Le Garçon et le Héron a pris sept ans de production. Chaque feuille qui bouge dans le film a été dessinée par un humain. Miyazaki produit en moyenne 60 dessins par jour, à plus de 80 ans. Il n'y a pas de storyboard finalisé avant le tournage : il dessine au fil, change le scénario en route, fait peindre la suite à mesure que sa vision s'éclaircit. C'est lent, c'est cher, c'est artisanal. Et c'est précisément ce qui fait la différence à l'écran.
Princesse Mononoké (1997) : le manifeste écologique le plus radical de Miyazaki, sorti au moment où l'industrie occidentale partait à fond dans la 3D. Trente ans plus tard, ses dessins n'ont pas pris une ride. (source : Crunchyroll Store Australia)
Le Garçon et le Héron, le couronnement
Présenté en 2023 sans aucune campagne marketing au Japon (pas de bande-annonce, pas d'affiche, juste le titre et la date), Le Garçon et le Héron a malgré tout dépassé les 290 millions de dollars au box-office mondial. Au Japon, le film a explosé tous les records de Ghibli pour un week-end d'ouverture. En 2024, il rafle l'Oscar du meilleur film d'animation contre des poids lourds Pixar et Disney. Premier film non-anglophone à remporter le Golden Globe d'animation. BAFTA dans la foulée.
Et puis Cannes 2024. Le Studio Ghibli reçoit la Palme d'or d'honneur, la première fois dans l'histoire du festival qu'elle est attribuée à un studio collectivement, et non à une personne. Goro Miyazaki, le fils de Hayao, et Toshio Suzuki, le producteur historique, sont montés sur la scène pour la chercher. Hayao, lui, est resté au studio. Selon la légende, il dessinait.

- Nausicaä de la vallée du vent (1984) : le film qui a précédé Ghibli, et qui posait déjà toute la signature visuelle.
- Mon voisin Totoro (1988) : le film qui définit l'enfance pour des millions de gens à travers le monde.
- Princesse Mononoké (1997) : un manifeste écologique avant l'heure, encore d'une actualité brûlante aujourd'hui.
- Le Voyage de Chihiro (2001) : Oscar du meilleur film d'animation, plus de 19 millions d'entrées au Japon.

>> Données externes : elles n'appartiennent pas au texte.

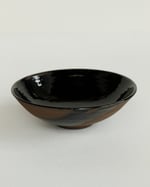 Handmade and thrown using a brown/black vulcan stonewear with glossy black glaze.
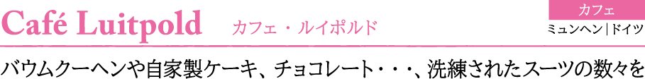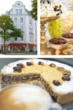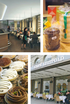 1888年に創業したパルメンガルテンパッサージュにある老舗のカフェ。ドイツ菓子の代表格、バウムクーヘンの他、ケーキやチョコレートの種類が豊富で、カフェコーナーではビジネスランチも楽しめます。バウムクーヘンは通常は量り売り。チョコレートとホワイトチョコレートで覆われた2種を用意しています。『ミュンヘンっ子お気に入りのケーキ』といわれるプリンツレゲンテントルテは、バイエルン王ルートヴィヒ2世が他界した後、摂政宮となったルイトポルドに使える調理人だったハインリッヒ・ゲオルグ・エルブスホイザー により1886年に考案されたと伝えられるケーキ。ビスケット生地とチョコレートクリームが7段に積み重ねられ、周りはチョコレートで覆われています。そのプリンツレゲンテントルテも絶品なので、ぜひ。 (※2010年5月現在:店内の一部改装中)

- Le Vent se lève (2013) : son premier « dernier » film, présenté à l'époque comme tel. Il y aura un sequel.
- Le Garçon et le Héron (2023) : son nouveau « dernier » film. Encore. On y croira quand on le verra.
Un héritage qui dépasse Ghibli
Sans Miyazaki, pas de Pixar tel qu'on le connaît. John Lasseter l'a publiquement reconnu, et Toy Story 2 a même intégré un caméo de Totoro en hommage. Pas de Wes Anderson aussi sensible aux décors et aux mondes (L'Île aux chiens lui doit beaucoup). Pas de Bong Joon-ho, qui cite Princesse Mononoké comme une influence directe sur Okja. Pas toute une génération de réalisateurs occidentaux qui ont compris que l'animation pouvait porter du grand cinéma, et pas juste du divertissement pour enfants.
À 85 ans, Hayao Miyazaki continue de venir au studio chaque jour. Il dessine. Et tant qu'il dessine, le monde tourne un peu plus rond. Quand le crayon s'arrêtera enfin, ce ne sera pas la fin de Ghibli : Goro et la nouvelle génération sont déjà là, le studio a été racheté par Nippon TV en 2023 pour assurer sa pérennité. Mais ce sera la fin d'une époque où un homme, seul à sa table, pouvait encore faire pleurer une planète entière avec des feuilles de papier et des couleurs.